Timberwoof’s Honda CB-1 Page


Wrenching the CB-1

The CB-1's tool kit contains just about everything you need to do minor maintenance on the bike:
  • 8-, 10-, 12-, 14- and 24mm wrenches
  • three Allen wrenches
  • spark plug wrench
  • hook spanner to adjust rear shock preload
  • pliers
    It helps to add one of those little screwdrivers with the double-ended shaft.
    I also keep a pair of latex exam gloves in the toolkit: Nothing works better to keep your hands clean while you're working on the bike.
    (When you're done with them, grab the right glove by its cuff, pull it off, and hold it in your left hand. Then, with your right hand, grab the cuff of the left glove, pull it off, and let it turn inside-out with the right glove inside it. You're left with an inside out glove with another glove in it and all the grease on the inside.)
    The CB1 is running 8500 rpms at 75 mph.

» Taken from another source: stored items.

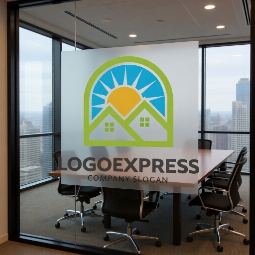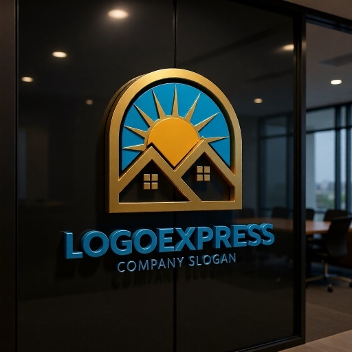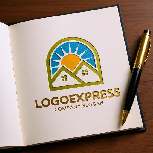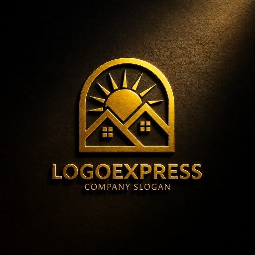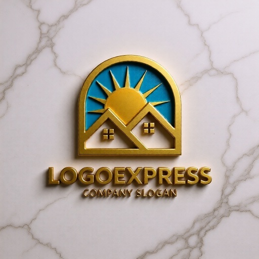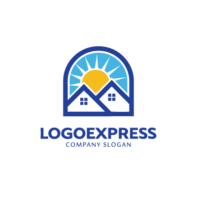 二軒の家は、コミュニティ、家族、安定、安心、そして住まいを象徴し、企業が提供するサービスが顧客にとって信頼できる基盤となることを示します。背後から昇る太陽と青い空は、希望、新しい始まり、明るい未来、エネルギー、そしてポジティブな生活環境を表現します。全体を包み込むアーチは、保護、サポート、そして広がるコミュニティや持続可能な発展を意味します。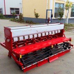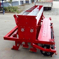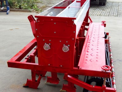 7行9行12行多功能播种机适用于平原和丘陵地区的条播小麦.玉米.大豆.谷子.牧草.白菜.油菜等小粒种子播种机12行多功能播种机与小四轮拖拉机配套使用,采用后置双轴三点悬挂,利用液压升降,排种装置由地轮驱动,使用方便。轻型双圆盘开沟器,能在桔杆还田的土壤中顺利开沟、播种在秸秆还田的地块中作业,还可将尖铲式开沟器换为圆盘开沟器。播种深浅可调,播量大小可调。杆式传动轴完全代替了链轮组构造,避免了掉链、折链的麻烦,更能及时准确地保证您的耕作顺利,使用寿命更长。12行多功能播种机一次作业可完成平地、开沟、播种、镇压、覆土、打竖等多项作业。圆盘开沟器采用弹簧浮动机构,可有效的避免因单盘受阻而整体漏播主机架采用加厚型方管,加强型设计,整体结构更加坚固、耐用。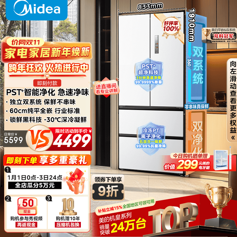 美的M60系列541十字四开门电冰箱双开门双系统双循环家用全空间净化无霜超薄零嵌入一级能效 国家补贴 曦云白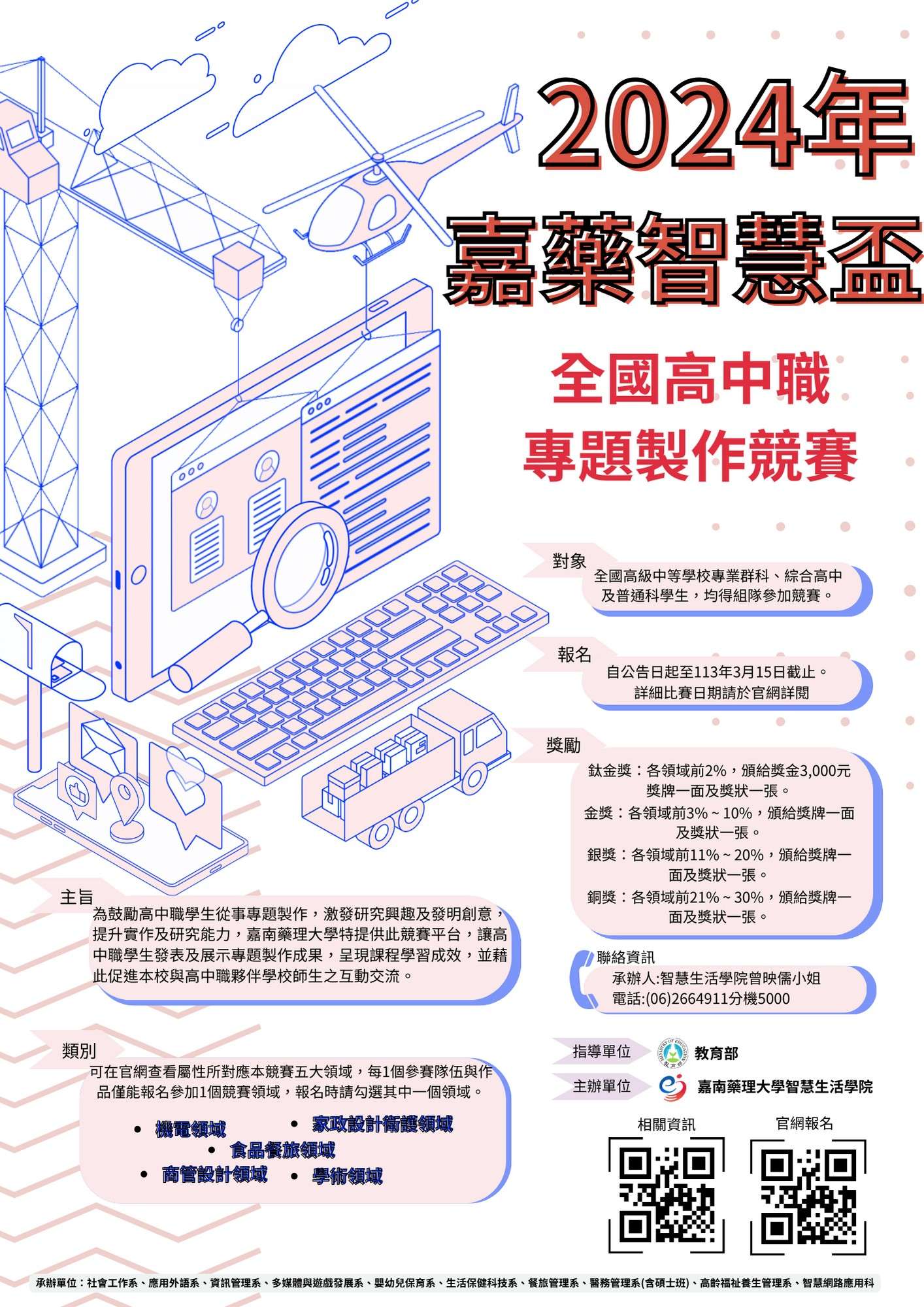 一、為鼓勵高中職學生積極參與專題製作,激發研究興趣及發 明創意,提升實作及研究能力,爰提供該發表及展示專題 製作成果競賽平台,並展現課程學習成效。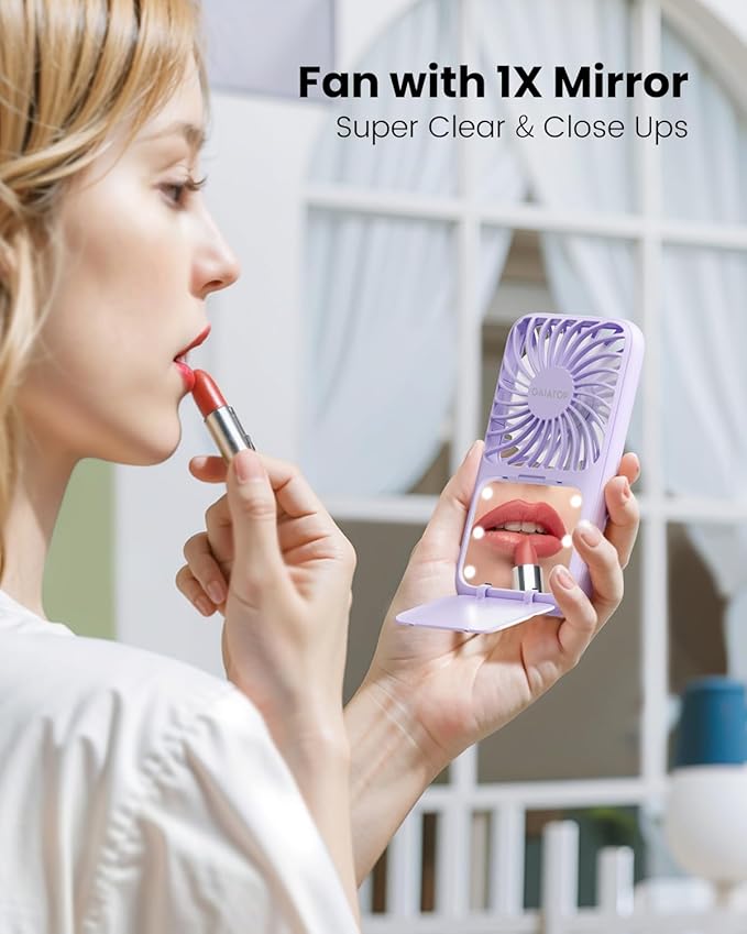 Gaiatop Portable Handheld Fan, 3 Speed LED Makeup Mirror with Light, Folding Stand for Desktop, Rechargeable Mini Personal Fans Small Travel Essentials Gifts for Women Girls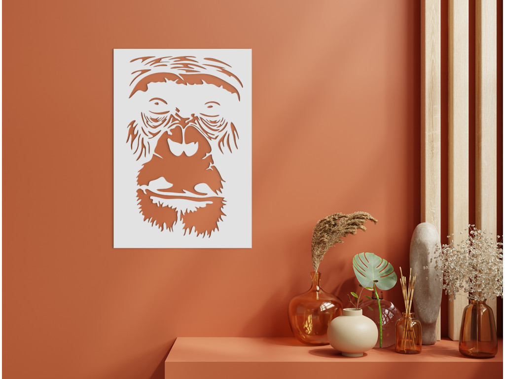 Recréez l'atmosphère de la forêt tropicale sous nos latitudes grâce à ce tableau mural en bois représentant une tête de chimpanzé dans un style moderne.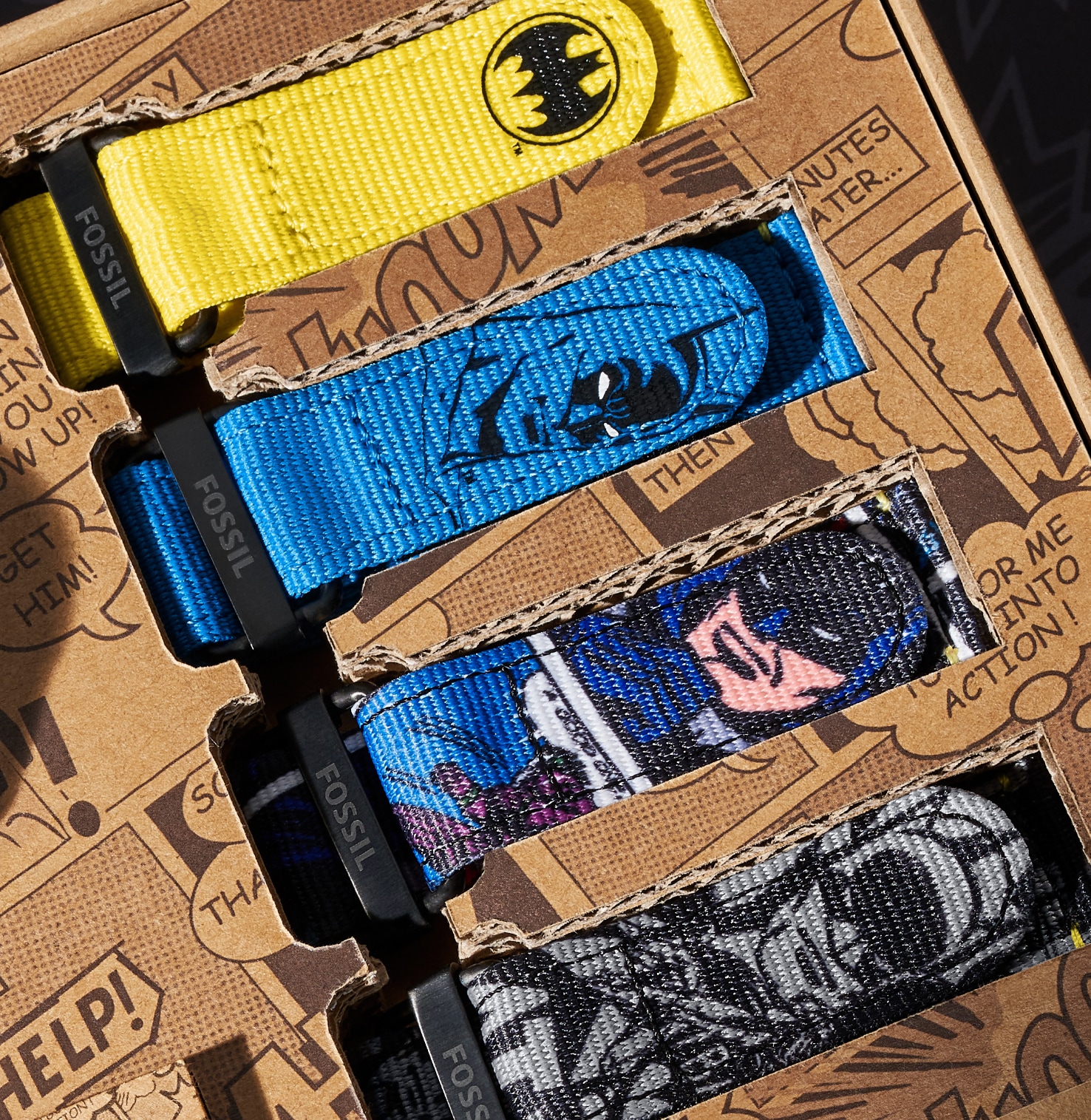 Et Fossil ne s’est pas contenté de travailler sur les montres, la marque a également créé des accessoires pour créer une vraie collection centrée sur l’univers de Batman.

Even though the redline is 13500, the mechanic that I had checked it out seems to think that extended periods at this speed will eat up the motor. I tend to disagree, though. It's only at 60% capacity at that speed. What's your (and others') opinion on this?
    If you calculate the stroke of this little engine, you'll see that it's traveling at the same speed up and down the bore as as bigger, slower engines. If you are going to do a lot of freeway riding, you should probably get cooler plugs (NGK CR9EH-9 for extended high-speed running, NGK CR8EH-9 standard).

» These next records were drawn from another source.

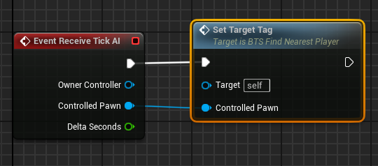 BTS_FindNearestPlayer 의 Function 탭에서 Override 클릭 후 Receive Tick AI 를 선택하고, Owner Controller 를 뷰포트에 출력하도록 노드를 구성하여 실행하면 현재 적용중인 Controller 를 확인할 수 있고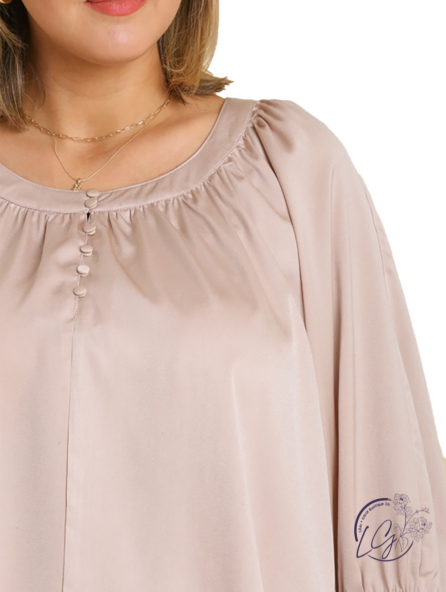 Washed Satin Round Neck Button Front Top with Smocked Cuff Detail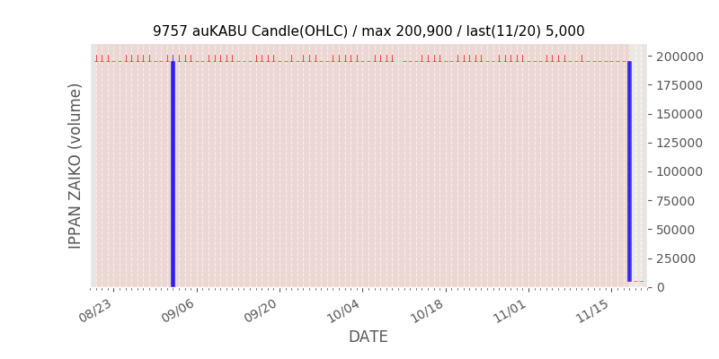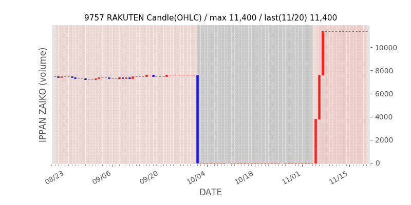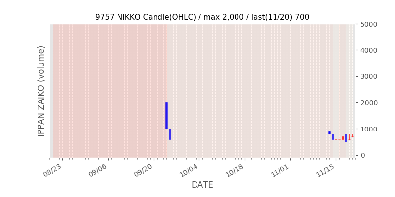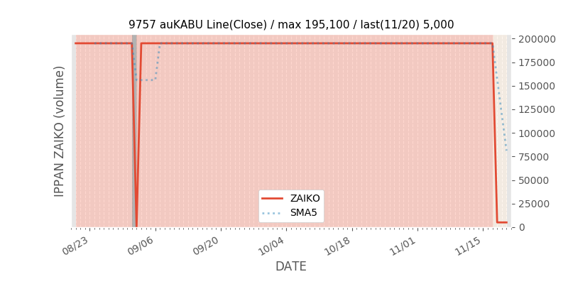 権利落ち日になると在庫が急回復します。どれだけの在庫が供給されたかを類推できます。もちろん、権利付最終日以前に大量補充された例も目立ちますから、過去チャートをご覧になる際は日付にご注意ください。

    I run Regular (87 Octane) in my stock CB-1. I've never heard it knock or ping, so I don't see the need to waste money on higher-octane gas.
    Oil is crucial to any motorcycle: I'm changing mine every 2500 miles, filter every other time. As long as it's neither icky black sludge when it comes out nor brand-new golden honey, the interval is right. (Don't want to change it too often because that's a waste of money.) The clutch and transmission share the engine oil...
    Drive Chain
    I wouldn't mess with the gear ratios. The Honda engineers worked their butts off to find the optimum ratios ... Make it too tall and you won't have as much torque for accelerating or climbing hills. Make it too short and it will go like a bat out of hell but be too close to the top end on the freeway.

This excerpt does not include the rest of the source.